Potential applications

I brainstormed a list of about 300 potential applications/questions, and most of the applications had one of the following forms:

  • Should I/we do x?
  • How can I/we do x?
  • Who/what/where/[which x] should I/we y?

So, most of the ideas are about whether one ought do something or how one ought to do it. In terms of topics, the most common ones were:

  • Health (e.g. How can I sleep better? How can I lose weight?)
  • Entertainment (e.g. What book should I read next? What should I do for fun today?)
  • Work and research (e.g. How can I be more productive? What company should I work for?)
  • Life planning (e.g. What career is right for me? When should I get married?)
  • Money (e.g. How can I earn $1000 on the side? How should I prepare for retirement?)
  • Social (e.g. How can I find a girl/boyfriend? How can I improve my long-distance relationship?)
  • General self-improvement (e.g. Are there any big mistakes I am making? What can I improve in my life?)
  • Products (e.g. What clothes should I wear? What mobile phone should I buy?)
  • Learning (e.g. How can I learn Spanish? What skills should I learn?)
  • Analysis and explanation (e.g. Why did Obama win the election? How do bicycles work?)
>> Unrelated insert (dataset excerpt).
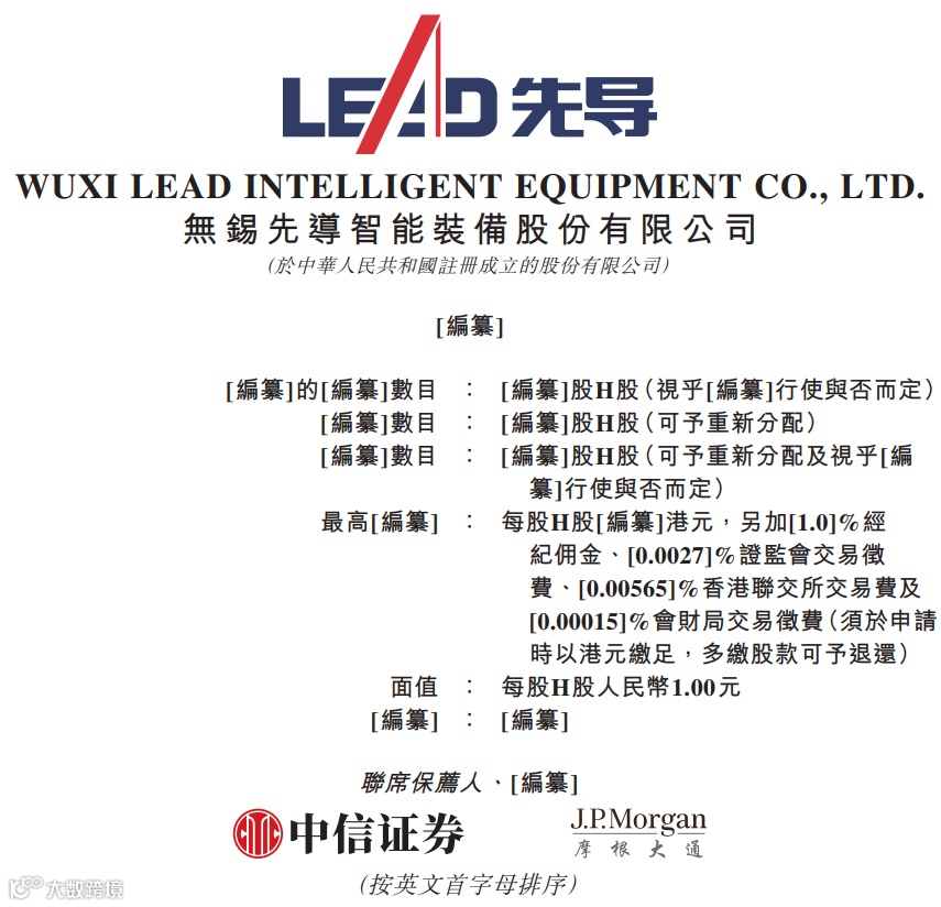 据港交所2月25日披露,无锡先导智能装备股份有限公司递表港交所主板,中信证券、摩根大通为联席保荐人。

In the long run, I expect that many questions will come from the long tail and won’t have been asked in their exact form before. However, in the beginning it is worth focusing on specific questions, so that answer strategies can be reused across conversations.

I made a quick attempt to score potential applications based on (a) how important the problem is for the audience, (b) how completely I expect that we can solve it, and (c) how plausible it is that we can monetize it (through direct payments, affiliate fees, etc). This may be worth doing more systematically, and with better criteria; my brief stab at it resulted in the following list of applications that scored well in terms of a multiplicative combination of the three features:

  • Should I buy or rent?
  • How can I immigrate to {country}?
  • How can I be happier?
  • How can I find a girl/boyfriend?
  • How can I get laid?
  • What startup/company should I work for?
  • How can I make $1000?
  • How can I gain/lose weight?
  • How can I be healthier?
  • How can we improve the success probability of our company?
  • How can I sleep better tonight?
  • Why do I feel anxious/depressed?
  • Should I stay at my current job or change jobs?
  • How can I get a raise?
  • What doctor should I go to?
  • How can I have more energy?
  • (When) Should I/we get married?
  • (When) Should I/we have children?

A first application—proposal #1

Let’s consider the following question as a first application:

“How can I feel better right now?”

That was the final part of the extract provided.